Tuning a Claude Code skill's frontmatter: getting the description right

Published 2026-05-11 by Owner

The skill isn’t being used. You wrote it, you tested it manually, it works — but Claude never reaches for it. Nine times out of ten the problem is a single field: description.

Claude Code uses skill descriptions as routing rules. When a task lands, Claude scans the available skill descriptions and decides which, if any, to invoke. A description that reads like a label (“Code review helper”) gives Claude nothing to match against. A description that reads like a trigger condition (“Use when reviewing pull requests or evaluating code diffs”) tells Claude exactly when to fire.

Getting this right is more consequential than most of the other frontmatter. The skill’s name matters for humans reading the config; the description matters for Claude actually using the skill.

The two failure modes

False negatives: the skill never triggers. This is the most common problem. The description is technically accurate but too abstract to match any specific task pattern. Claude reads “A helpful skill for code review tasks” and encounters the task “review this PR diff” — the semantic connection exists, but nothing in the description explicitly says when or for what. The skill sits idle.

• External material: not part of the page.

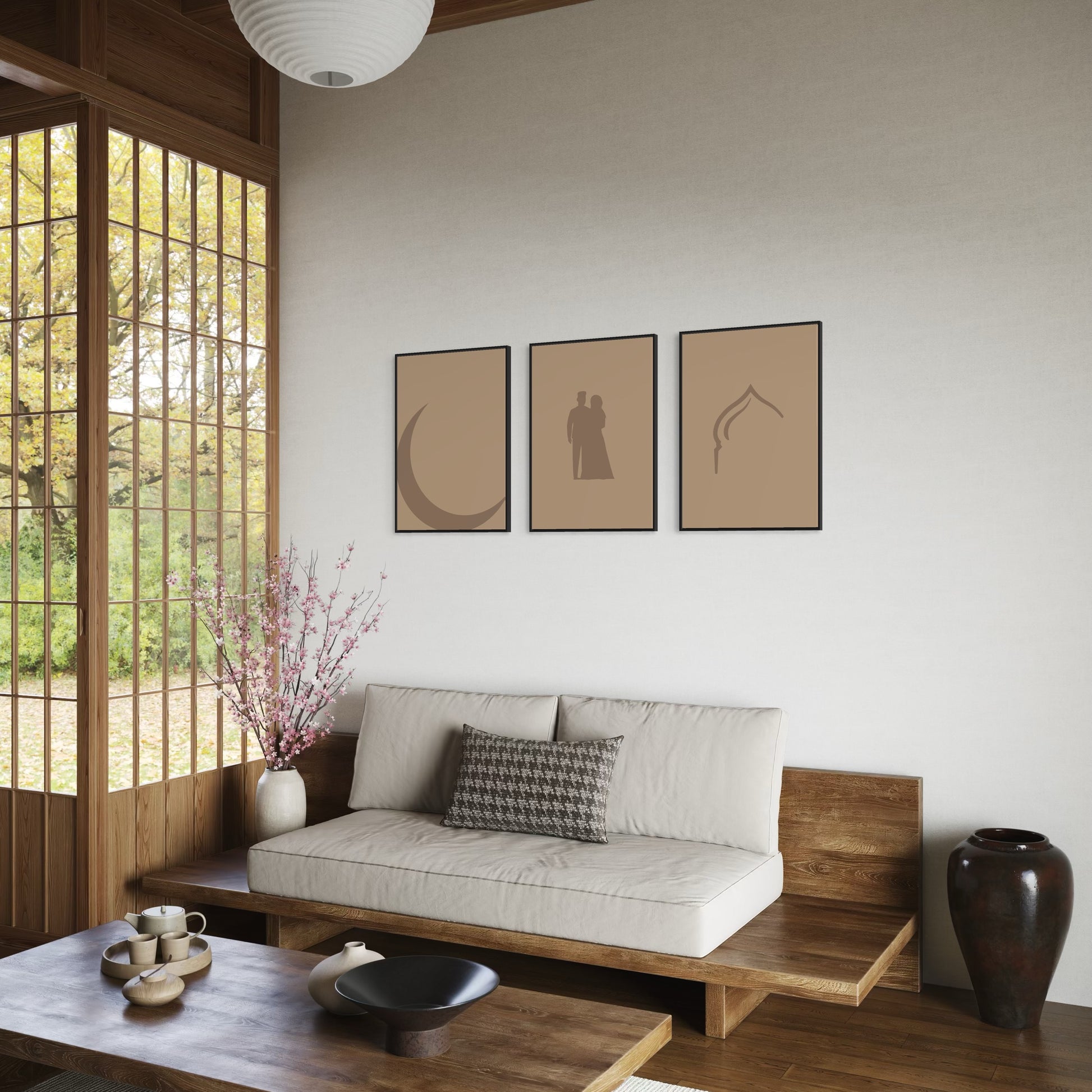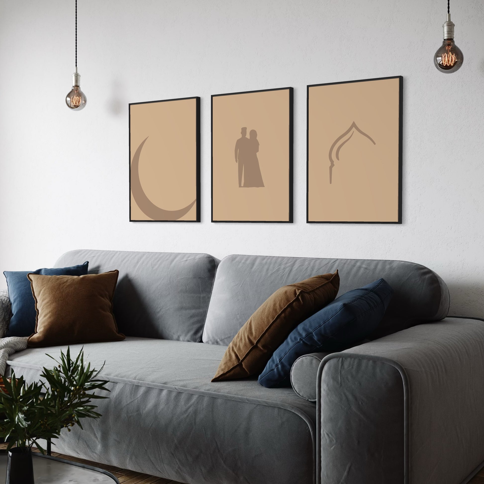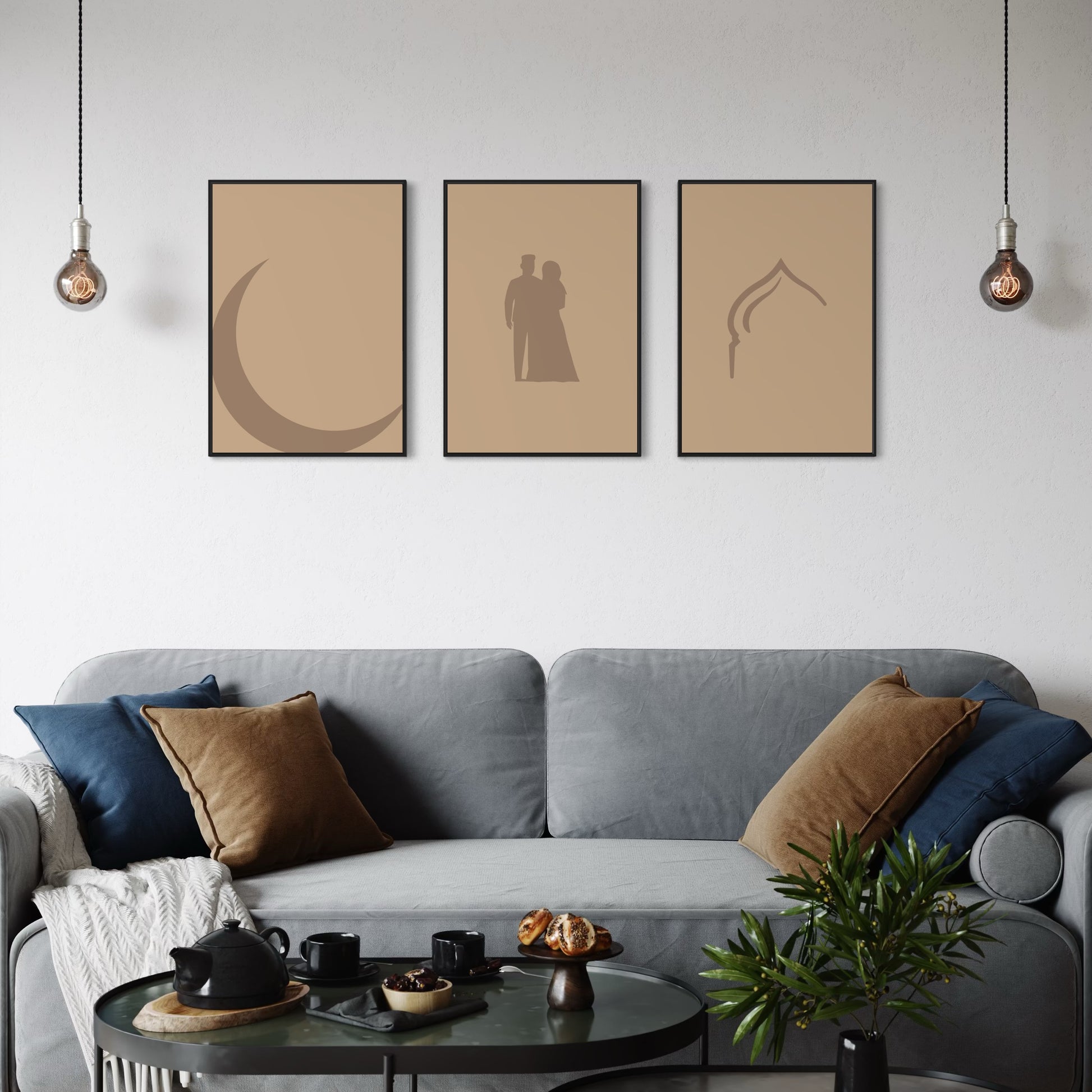 3er-Set moon pair mosque Poster in beige

Symptoms: you invoke the skill manually with /skill-name and it works perfectly, but Claude never self-selects it. The skill is correct; the routing is broken.

False positives: the skill triggers on everything. Less common, but more disruptive. A description broad enough to match any programming task (“Use for coding assistance and software development”) will match nearly every conversation in a dev context. The skill invokes on questions you didn’t intend it for, adds latency, and burns context on setups meant for a narrower use case.

Symptoms: Claude opens every conversation by invoking the skill, even when you’re asking something unrelated to the skill’s purpose.

Both problems have the same root cause: the description isn’t specific enough about the triggering context.

What makes a description route correctly

Three things that help:

Explicit trigger phrases. Starting with “Use when…” or “When the user mentions…” or “Invoke for tasks involving…” tells Claude the description is a condition, not a label. The model has seen enough of these to recognize the pattern and apply it as routing logic.

Concrete task vocabulary. “pull request”, “code diff”, “failing test”, “stack trace”, “benchmark run” — words that name specific artifacts. Abstract words like “improve”, “analyze”, “help with” match too broadly or not at all.

Scope boundaries. What the skill is NOT for can be as useful as what it is for. “Use when reviewing pull requests — not for general refactoring tasks” rules out the false positive case explicitly.

Anatomy of a working description

Take this description apart and the structure is visible:

description: "Use when given a stack trace or failing test output to diagnose root cause — not for general refactoring."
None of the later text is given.